Department of Pathology, Cambridge University, Tennis Court Road, Cambridge, CB2 1QP, UK.
BMC Genomics. 2020 Mar 17;21(1):236. doi: 10.1186/s12864-020-6625-x.
The Plasmodium genus of malaria parasites encodes several families of antigen-encoding genes. These genes tend to be hyper-variable, highly recombinogenic and variantly expressed. The best-characterized family is the var genes, exclusively found in the Laveranian subgenus of malaria parasites infecting humans and great apes. Var genes encode major virulence factors involved in immune evasion and the maintenance of chronic infections. In the human parasite P. falciparum, var gene recombination and diversification appear to be promoted by G-quadruplex (G4) DNA motifs, which are strongly associated with var genes in P. falciparum. Here, we investigated how this association might have evolved across Plasmodium species - both Laverania and also more distantly related species which lack vars but encode other, more ancient variant gene families.
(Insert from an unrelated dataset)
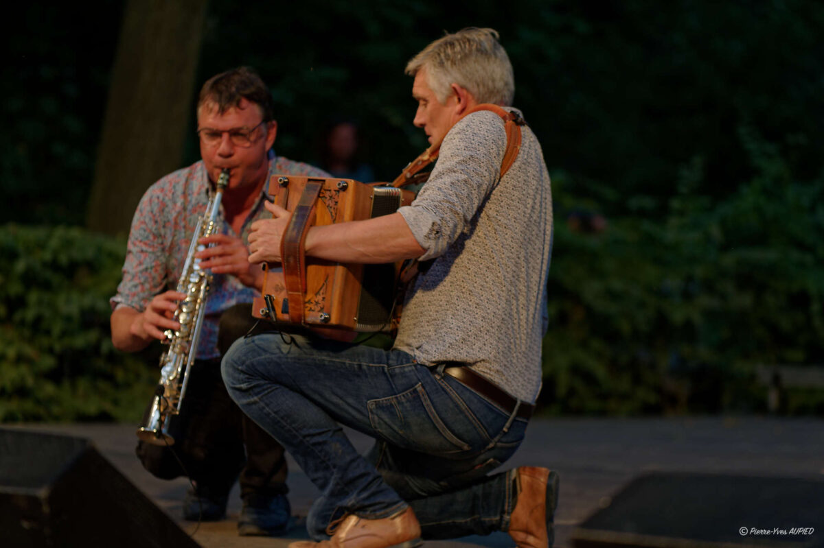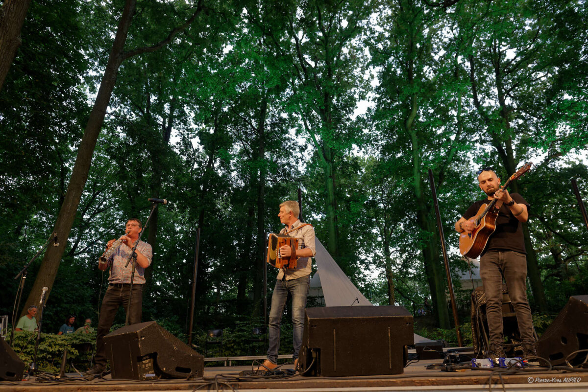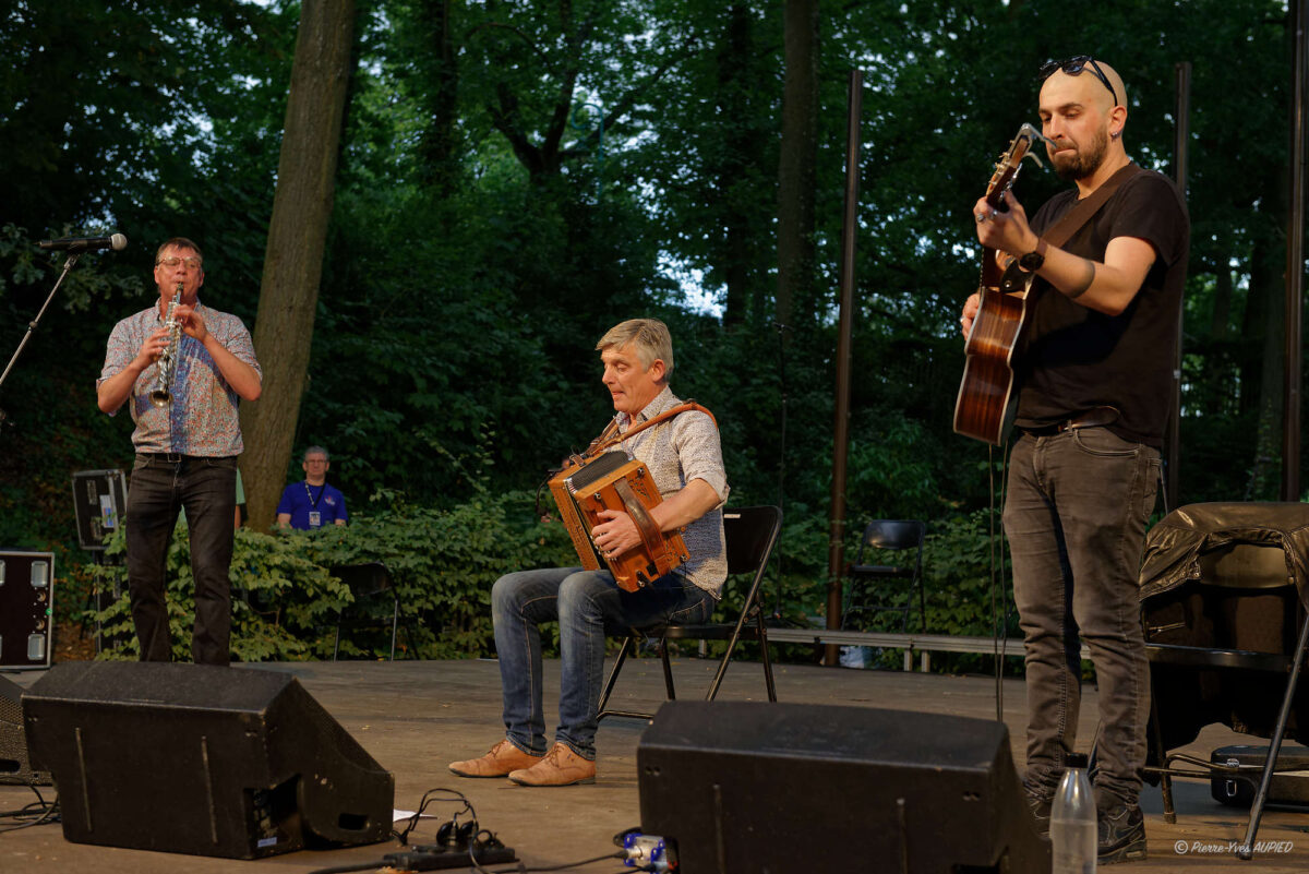 Les seconds à monter sur scène fut le groupe Initium avec Bruno Le Tron à l’accordéon diatonique, Franck Fagon à la clarinette, saxophone soprano et Pablo Molard à la guitare. Des compositions énergiques, des mélodies profondément poétiques jalonnées par les lieux qui ont inspirés les compositions de Bruno Le Tron (l’île de Bréhat, le mont de l’Obiou, les Cévennes…) Les spectateurs n’ont pas cessé de danser sur leurs musiques très entrainantes.

The association between var genes and G4-forming motifs was conserved across Laverania, spanning ~ 1 million years of evolutionary time, with suggestive evidence for evolution of the association occurring within this subgenus. In rodent malaria species, G4-forming motifs were somewhat associated with pir genes, but this was not conserved in the Laverania, nor did we find a strong association of these motifs with any gene family in a second outgroup of avian malaria parasites. Secondly, we compared two different G4 prediction algorithms in their performance on extremely A/T-rich Plasmodium genomes, and also compared these predictions with experimental data from G4-seq, a DNA sequencing method for identifying G4-forming motifs. We found a surprising lack of concordance between the two algorithms and also between the algorithms and G4-seq data.
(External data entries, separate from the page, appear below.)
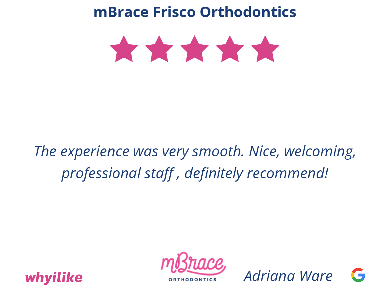 I have trusted Dr. Shireen with both my daughters' smiles since their grand opening. We are 100% satisfied with the results!! It is now my turn to improve my smile and have chosen MBrace for my Invisalign treatment. I am thrilled to finally be able to treat myself to straighter teeth. I know for a fact that I'm in the best hands with Dr. Shireen and her wonderful staff.
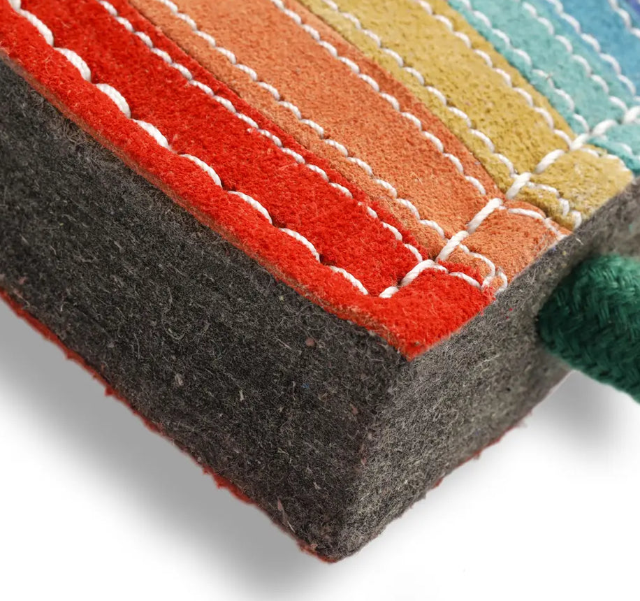Made from layers of compressed natural jute and stitched over with soft suede.
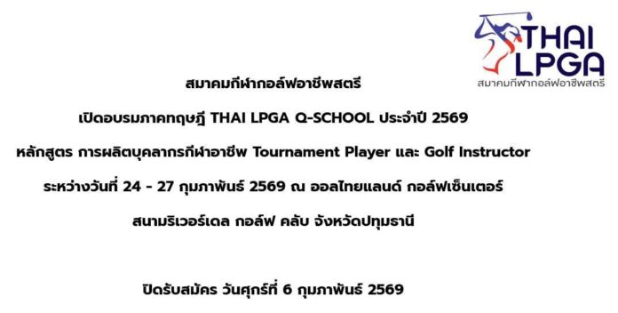 สมาคมกีฬากอล์ฟอาชีพสตรี เปิดอบรมภาคทฤษฎี THAI LPGA Q-SCHOOL ประจำปี 2569 หลักสูตร การผลิตบุคลากรกีฬาอาชีพ Tournament Player และ Golf Instructor ระหว่างวันที่ 24 – 27 กุมภาพันธ์ 2569 ณ ออลไทยแลนด์ กอล์ฟเซ็นเตอร์ สนามริเวอร์เดล กอล์ฟ คลับ จังหวัดปทุมธานี
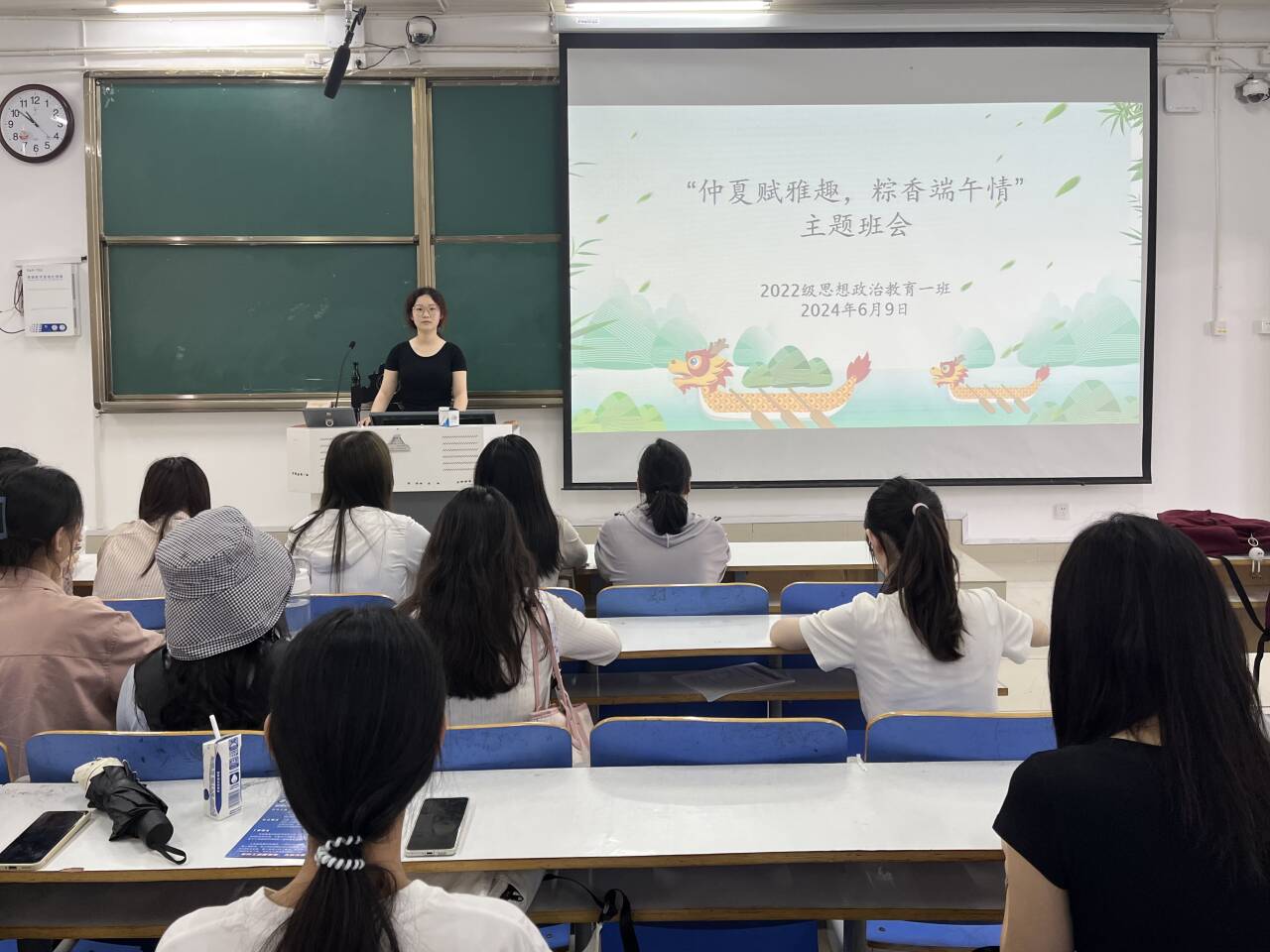 为进一步弘扬中华优秀传统文化,6月9日上午,太阳集团tyc59972022级思想政治教育一班在社科楼514教室召开“仲夏赋雅趣,粽香端午情”主题班会,我院2022级思想政治教育一班全体同学共同参与本次班会,班会由班长李佳茹主持。

G4-forming motifs are uniquely strongly associated with Plasmodium var genes, suggesting a particular role for G4s in recombination and diversification of these genes. Secondly, in the A/T-rich genomes of Plasmodium species, the choice of prediction algorithm may be particularly influential when studying G4s in these important protozoan pathogens.
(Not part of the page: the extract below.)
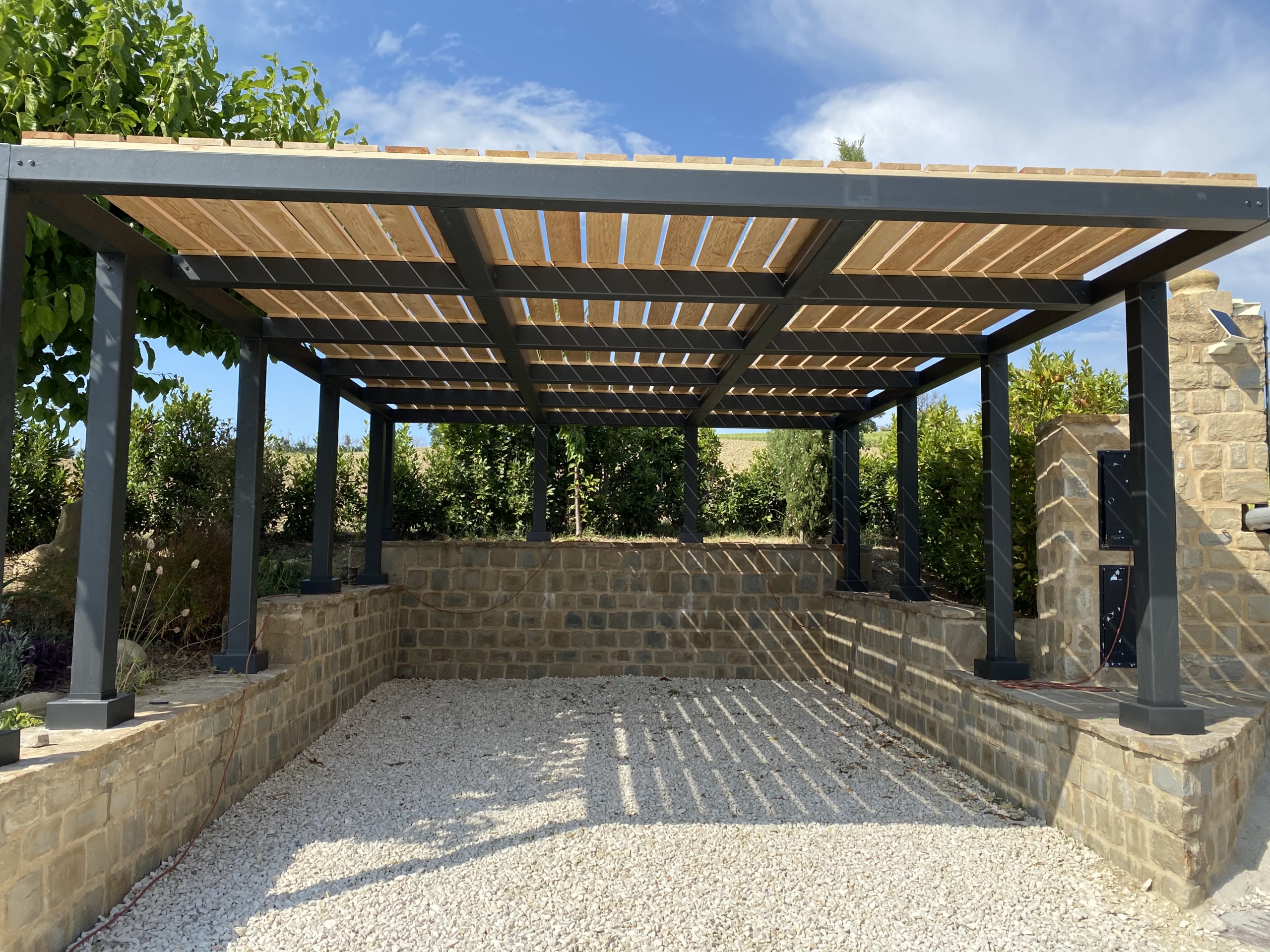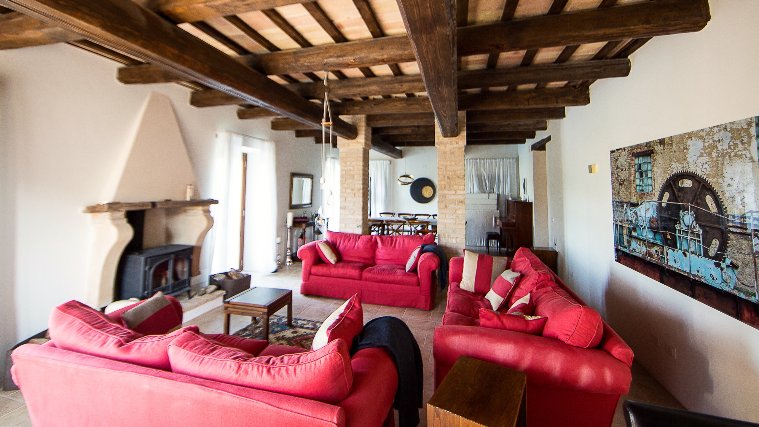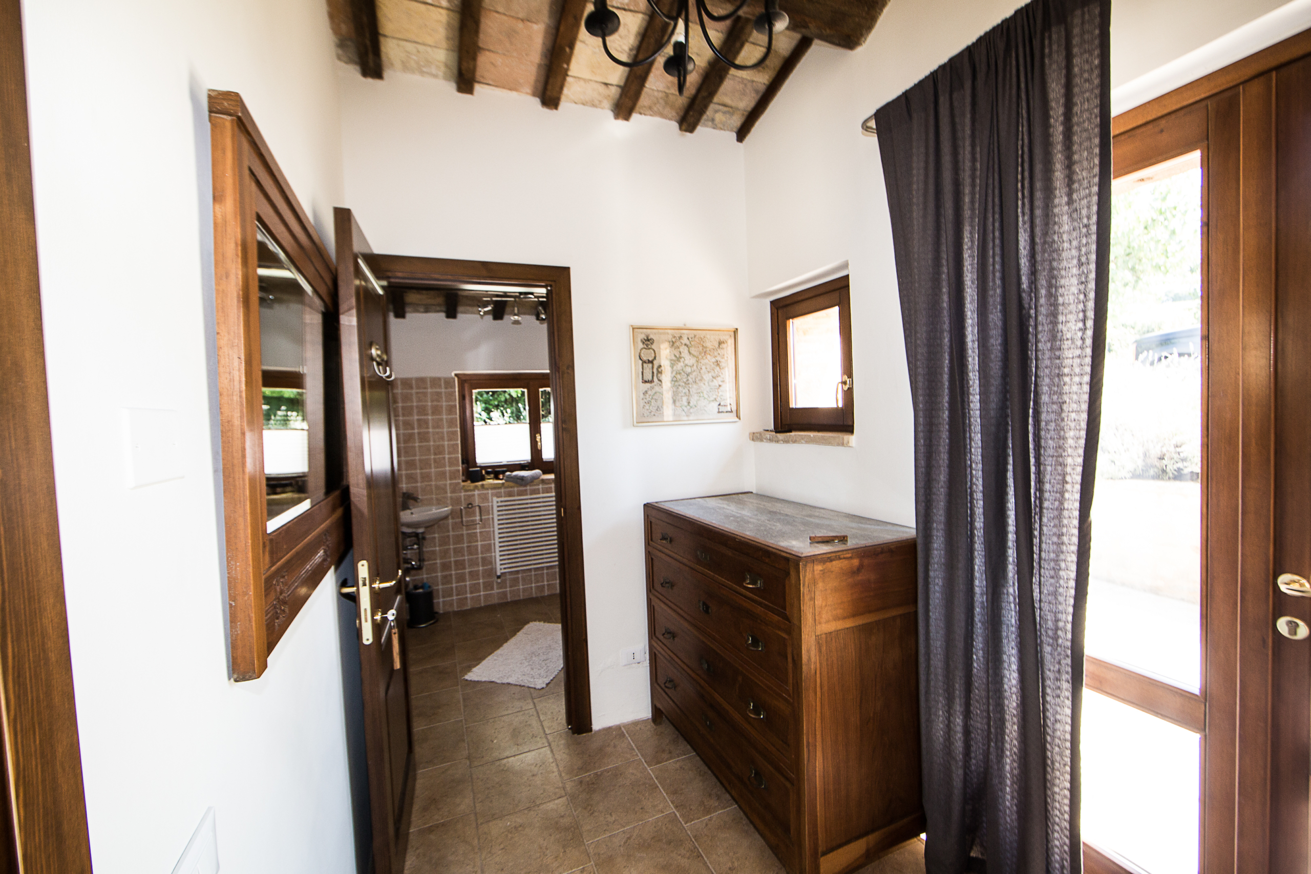 Die rustikalen Charakteristika, welche typisch für die Marken sind, wurden beibehalten. Einen modernen Eindruck gewinnt das Haus durch die Bepflanzung und die Struktur der Außenanlagen. Sie erreichen das Haus bzw. das Kieselrondeel und den Lavendelgarten durch einen privaten Zufahrtsweg mit prächtigem Eingangstor.

疟原虫属的疟原虫编码了几大家族的抗原编码基因。这些基因往往具有高度变异性、高度重组性和可变表达性。研究最为透彻的家族是 var 基因,它仅存在于感染人类和大猿的 Laveranian 亚属疟原虫中。var 基因编码主要的毒力因子,参与免疫逃避和慢性感染的维持。在人类寄生虫疟原虫中,var 基因重组和多样化似乎是由 G-四链体 (G4) DNA 基序促进的,这些基序与疟原虫中的 var 基因强烈相关。在这里,我们研究了这种关联在疟原虫属中的多个物种中是如何进化的——既包括 Laverania,也包括更遥远的亲缘关系的物种,这些物种缺乏 vars,但编码其他更古老的变体基因家族。
var 基因与 G4 形成基序的关联在 Laverania 中是保守的,跨越了大约 100 万年的进化时间,有迹象表明这种关联在这个亚属中发生了进化。在啮齿动物疟原虫中,G4 形成基序与 pir 基因有些关联,但这种关联在 Laverania 中并不保守,我们也没有在第二种鸟类疟原虫的外群中发现这些基序与任何基因家族有很强的关联。其次,我们比较了两种不同的 G4 预测算法在处理极度 A/T 丰富的疟原虫基因组时的性能,并将这些预测与 G4-seq 的实验数据进行了比较,G4-seq 是一种用于识别 G4 形成基序的 DNA 测序方法。我们发现这两种算法之间以及算法与 G4-seq 数据之间存在令人惊讶的不一致。
G4 形成基序与疟原虫 var 基因强烈相关,表明 G4 在这些基因的重组和多样化中具有特殊作用。其次,在疟原虫属的 A/T 丰富的基因组中,当研究这些重要的原生动物病原体中的 G4 时,预测算法的选择可能特别有影响。